KHARTOUM, Oct 15 (Reuters) – The Sudanese government signed a memorandum of understanding with General Electric on Thursday aimed at increasing power generation by up to 470 megawatts (MW) as Sudan struggles to emerge from an economic crisis and long economic isolation.

GE said in a statement it planned to deliver electricity to about 600,000 households through mobile turbines that can be installed within months and the rehabilitation of three existing power plants.

The company said it was also exploring cooperation on further power projects as well as health projects including the modernisation of radiology, cardiology and oncology infrastructure and healthcare in rural areas.

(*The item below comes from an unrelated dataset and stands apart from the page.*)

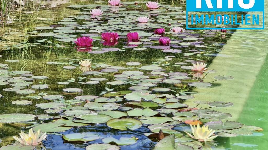 Im unteren Teil des Grundstücks befindet sich ein naturbelassener aber gepflegter Bereich mit einem Biopool samt eleganter Lärchenholzterrasse. Der Pool wird von einem eigenen System gespeist und beherbergt verschiedene Arten von Seerosen sowie Schilf ein idyllischer Rückzugsort direkt vom Wohnzimmer erreichbar. Der Biopool ist natürlich auch zum Schwimmen geeignet.

“It has been almost three decades since we have seen such important companies engage with Sudan,” Sudanese Prime Minister Abdalla Hamdok was quoted as saying in a joint press release.

The statement gave no detail on financial terms or costs. Sudan’s cabinet said on Wednesday it was planning to boost output at a power plant in El Fula, West Kordofan, at a total cost of $915 million.

Sudan is in political transition after former leader Omar al-Bashir was removed from power in April 2019 following months of protests. A government of technocrats is trying to steer the country towards elections under a military-led ruling council.

International sanctions imposed during Bashir’s long rule isolated Sudan’s economy from much of the outside world, contributing to an economic crisis that has continued after his ouster.

There are daily power cuts, most of the country is not connected to the grid, and the healthcare sector is in a state of collapse.

Though the United States dropped trade sanctions in 2018, Sudan remains on the U.S. list of state sponsors of terrorism, which complicates access to foreign financing and debt relief. International banks and companies have been slow to engage.